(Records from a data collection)
○ ○ ○

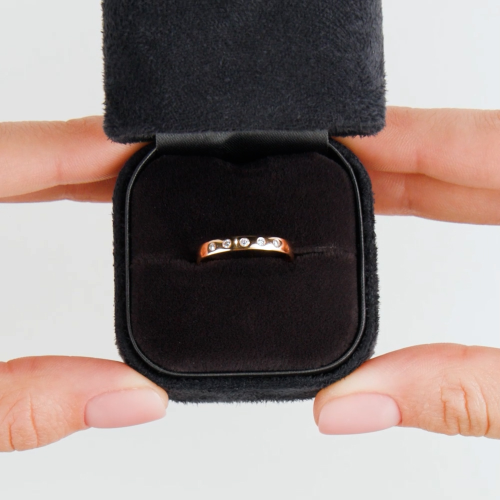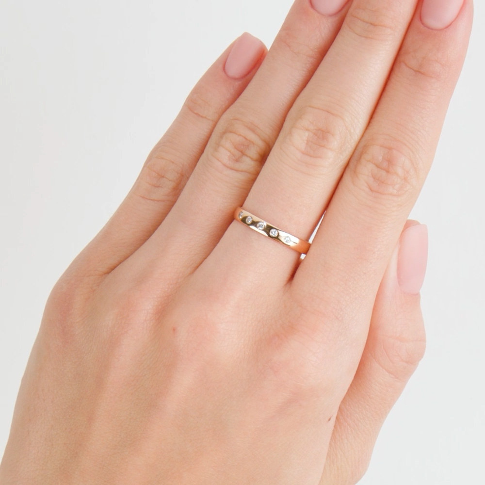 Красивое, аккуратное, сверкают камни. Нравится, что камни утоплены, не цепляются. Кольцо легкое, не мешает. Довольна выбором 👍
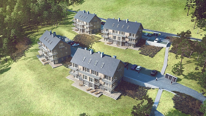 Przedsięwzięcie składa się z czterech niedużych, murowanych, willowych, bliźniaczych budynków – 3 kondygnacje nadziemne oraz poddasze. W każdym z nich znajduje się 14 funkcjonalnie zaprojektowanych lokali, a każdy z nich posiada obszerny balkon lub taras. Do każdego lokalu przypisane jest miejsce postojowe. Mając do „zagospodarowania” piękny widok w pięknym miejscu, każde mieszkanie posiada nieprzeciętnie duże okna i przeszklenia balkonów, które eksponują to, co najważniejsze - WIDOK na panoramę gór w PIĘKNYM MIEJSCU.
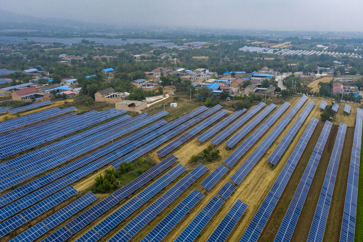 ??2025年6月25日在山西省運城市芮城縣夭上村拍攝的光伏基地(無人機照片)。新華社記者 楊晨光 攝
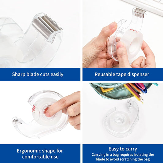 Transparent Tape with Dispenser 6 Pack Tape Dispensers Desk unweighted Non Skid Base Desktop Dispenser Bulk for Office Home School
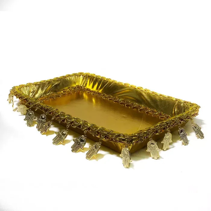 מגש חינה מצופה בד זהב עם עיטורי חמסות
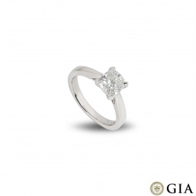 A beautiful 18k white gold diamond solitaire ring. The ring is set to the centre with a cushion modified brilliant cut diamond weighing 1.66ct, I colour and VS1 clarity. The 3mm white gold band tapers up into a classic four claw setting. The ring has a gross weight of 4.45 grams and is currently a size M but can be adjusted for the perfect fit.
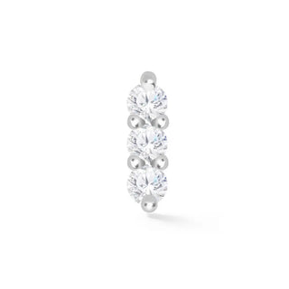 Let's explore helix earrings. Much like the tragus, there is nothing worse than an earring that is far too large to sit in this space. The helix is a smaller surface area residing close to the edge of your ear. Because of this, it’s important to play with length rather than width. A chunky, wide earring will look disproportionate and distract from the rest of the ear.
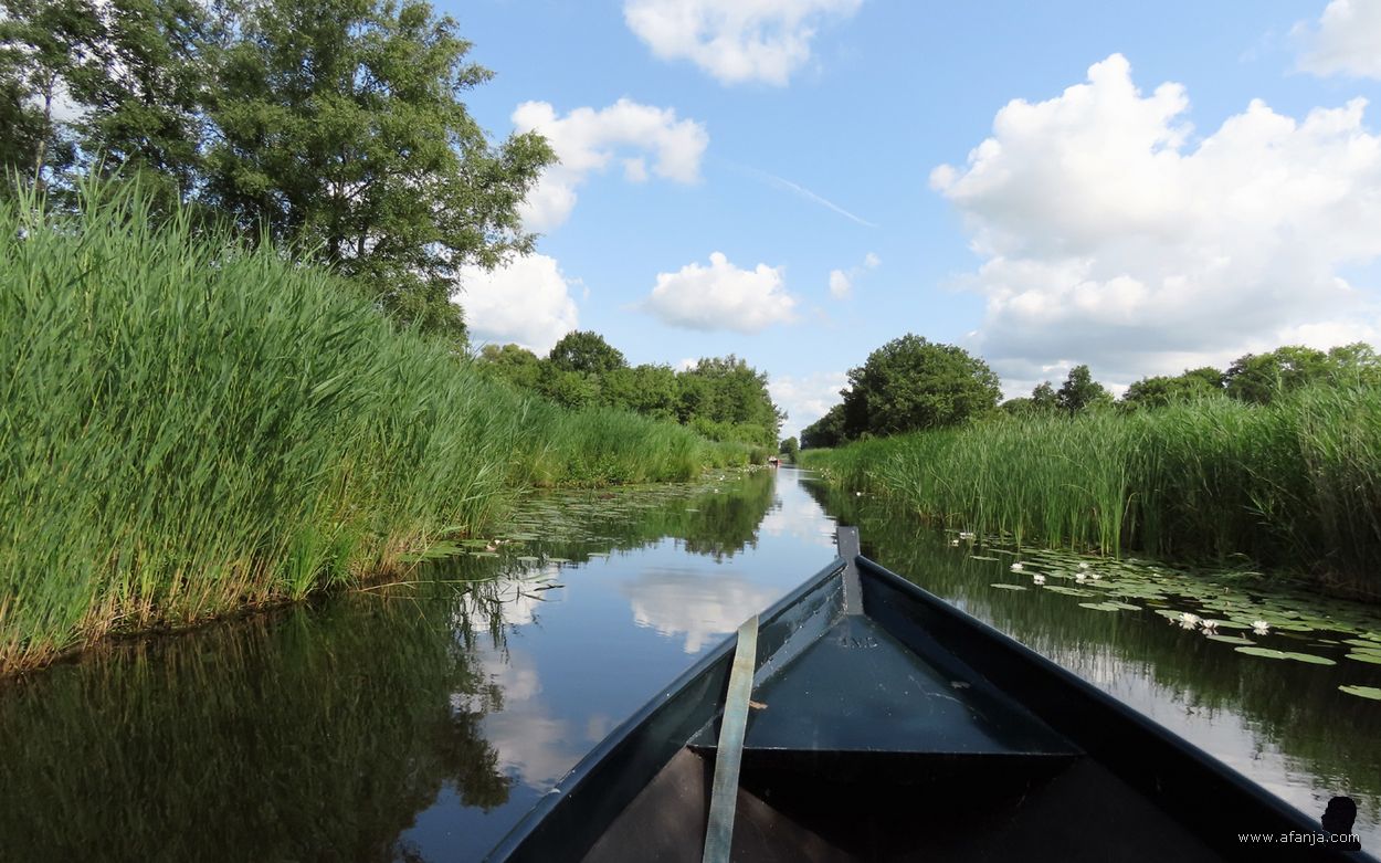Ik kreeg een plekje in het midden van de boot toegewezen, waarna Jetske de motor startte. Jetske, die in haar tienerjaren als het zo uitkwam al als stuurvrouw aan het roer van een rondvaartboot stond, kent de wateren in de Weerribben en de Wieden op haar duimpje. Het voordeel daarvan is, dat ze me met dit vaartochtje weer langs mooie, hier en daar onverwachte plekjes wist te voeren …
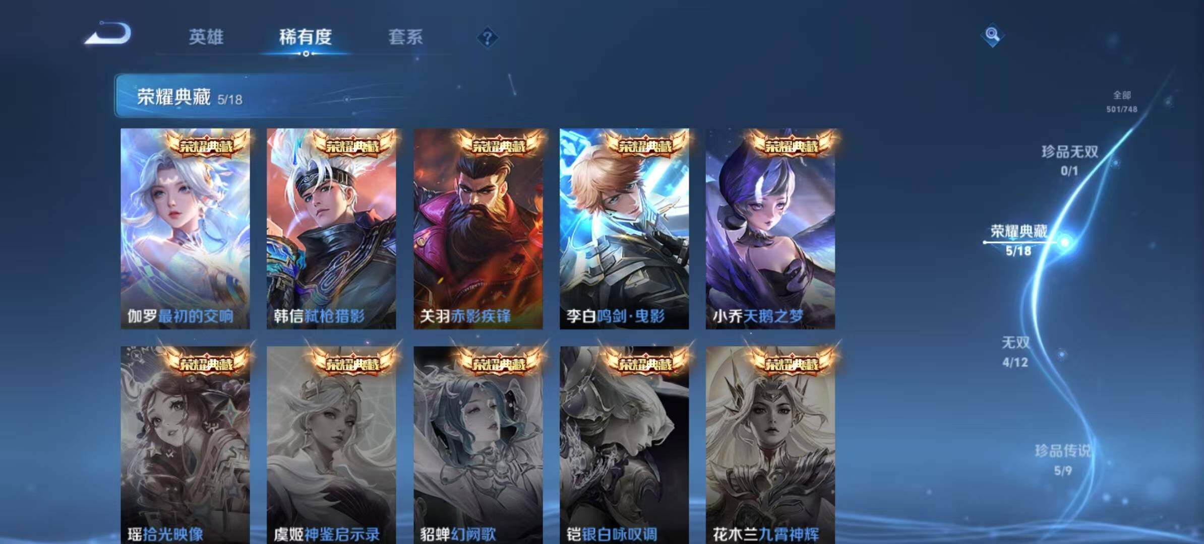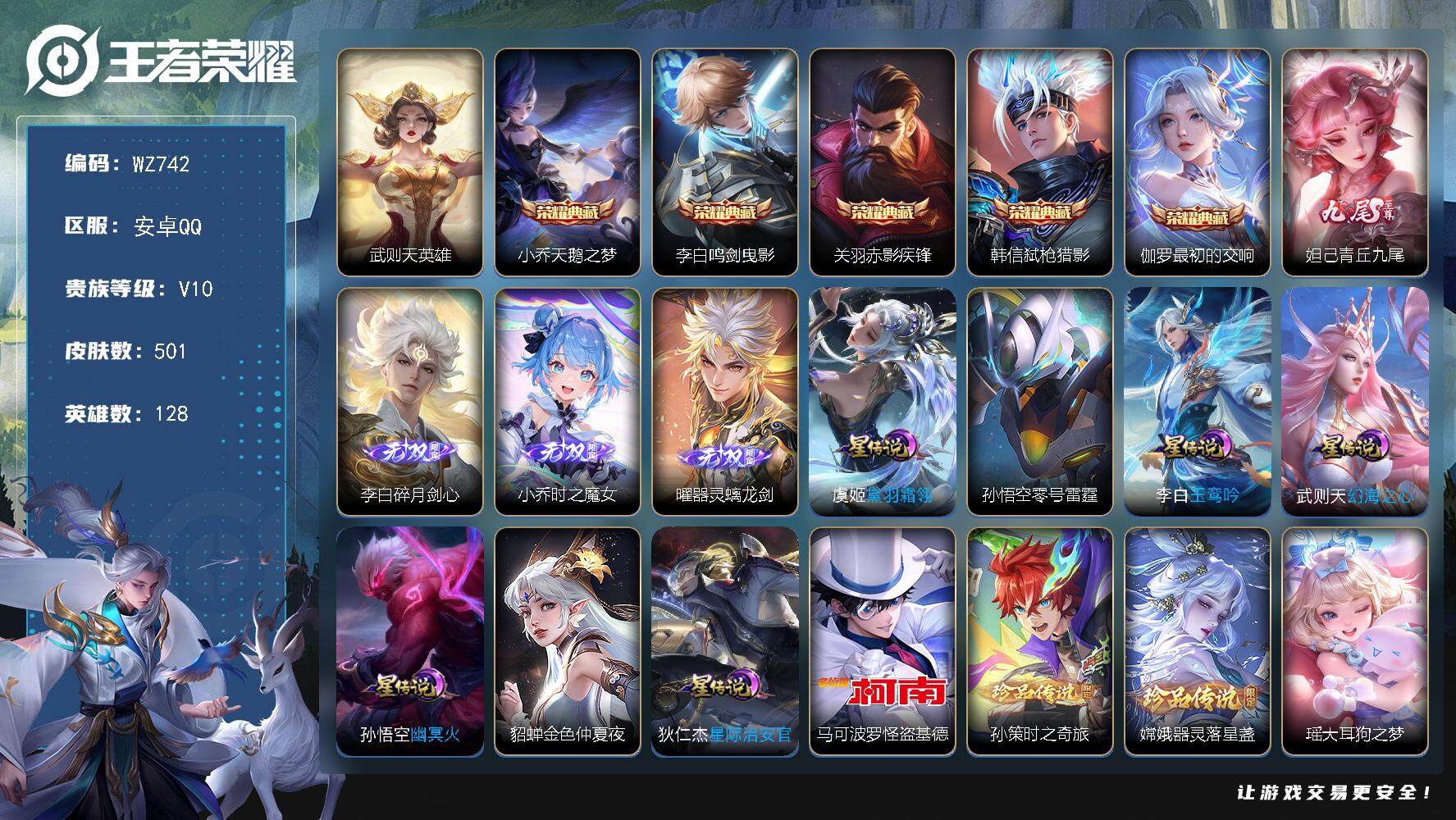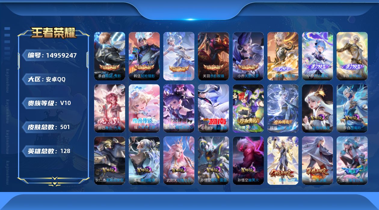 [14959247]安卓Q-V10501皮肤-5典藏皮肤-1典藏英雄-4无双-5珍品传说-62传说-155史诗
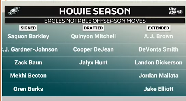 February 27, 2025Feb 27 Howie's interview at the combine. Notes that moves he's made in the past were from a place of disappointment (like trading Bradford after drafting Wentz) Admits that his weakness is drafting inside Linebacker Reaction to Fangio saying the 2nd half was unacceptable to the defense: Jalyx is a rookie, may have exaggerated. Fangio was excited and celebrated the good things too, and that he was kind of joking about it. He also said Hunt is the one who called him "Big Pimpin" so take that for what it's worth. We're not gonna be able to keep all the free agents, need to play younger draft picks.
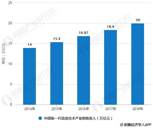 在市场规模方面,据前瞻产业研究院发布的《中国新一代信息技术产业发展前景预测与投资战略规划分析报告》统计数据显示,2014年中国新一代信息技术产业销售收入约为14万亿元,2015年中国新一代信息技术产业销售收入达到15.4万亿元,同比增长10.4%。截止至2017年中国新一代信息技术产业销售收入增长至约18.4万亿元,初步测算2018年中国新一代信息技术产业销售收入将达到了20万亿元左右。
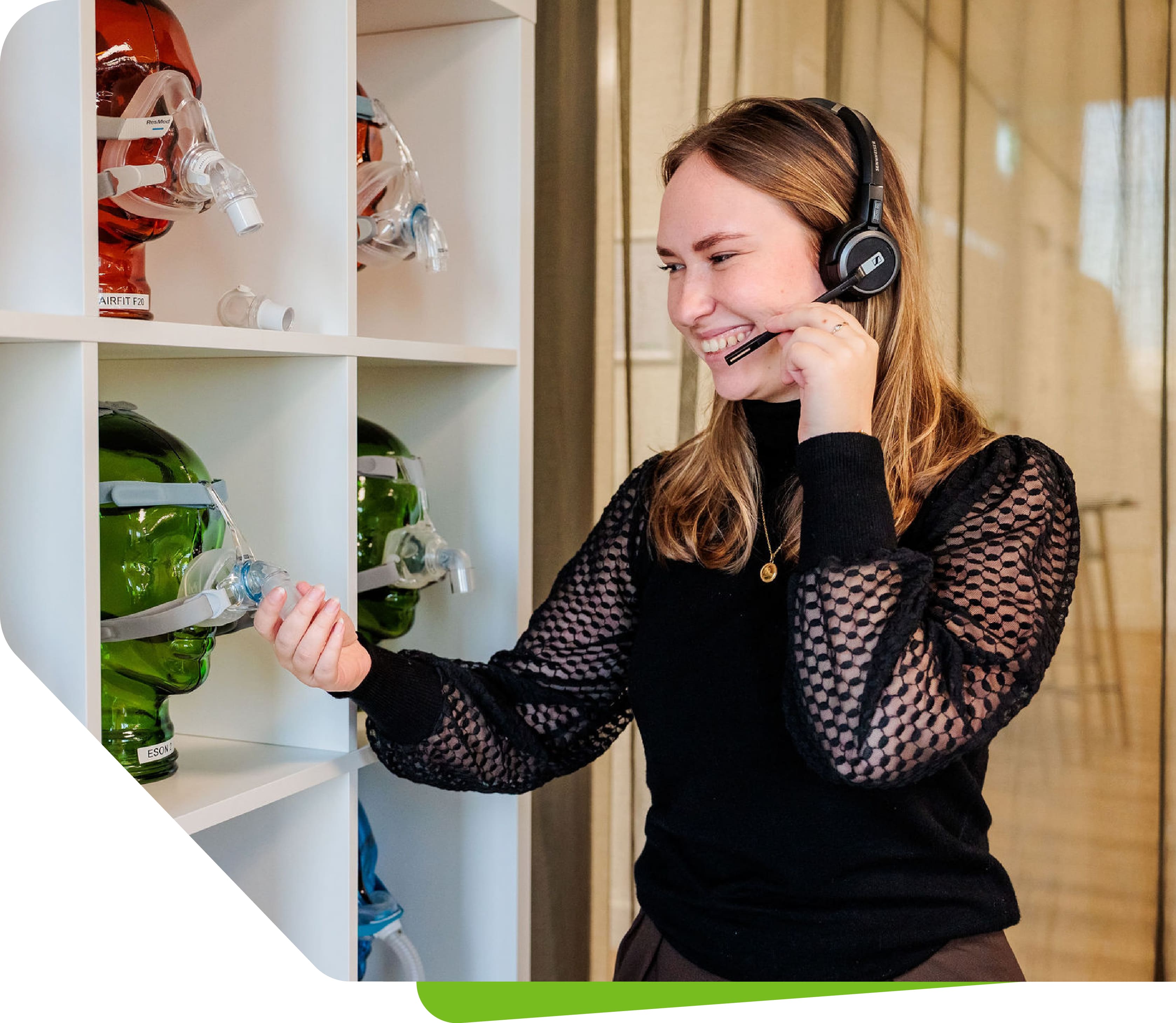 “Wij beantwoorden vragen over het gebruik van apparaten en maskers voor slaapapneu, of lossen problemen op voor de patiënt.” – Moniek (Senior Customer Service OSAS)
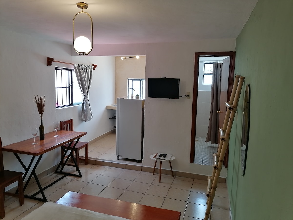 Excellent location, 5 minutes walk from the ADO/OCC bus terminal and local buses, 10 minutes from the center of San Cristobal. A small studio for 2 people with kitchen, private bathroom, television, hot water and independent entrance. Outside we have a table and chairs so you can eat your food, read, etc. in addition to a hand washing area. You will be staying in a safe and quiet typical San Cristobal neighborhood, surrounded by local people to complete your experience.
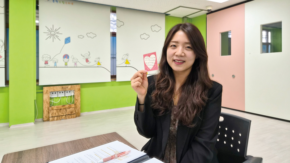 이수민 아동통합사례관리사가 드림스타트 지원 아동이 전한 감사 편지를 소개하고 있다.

○ ○ ○

What is required: Copy the lines above exactly, starting at the one with "在市场规模方面,据前瞻产业研" and ending at the one with "Customer Service OSAS)", both included. Leave out any pictures and add nothing else.

Result of the exercise:
 在市场规模方面,据前瞻产业研究院发布的《中国新一代信息技术产业发展前景预测与投资战略规划分析报告》统计数据显示,2014年中国新一代信息技术产业销售收入约为14万亿元,2015年中国新一代信息技术产业销售收入达到15.4万亿元,同比增长10.4%。截止至2017年中国新一代信息技术产业销售收入增长至约18.4万亿元,初步测算2018年中国新一代信息技术产业销售收入将达到了20万亿元左右。
 “Wij beantwoorden vragen over het gebruik van apparaten en maskers voor slaapapneu, of lossen problemen op voor de patiënt.” – Moniek (Senior Customer Service OSAS)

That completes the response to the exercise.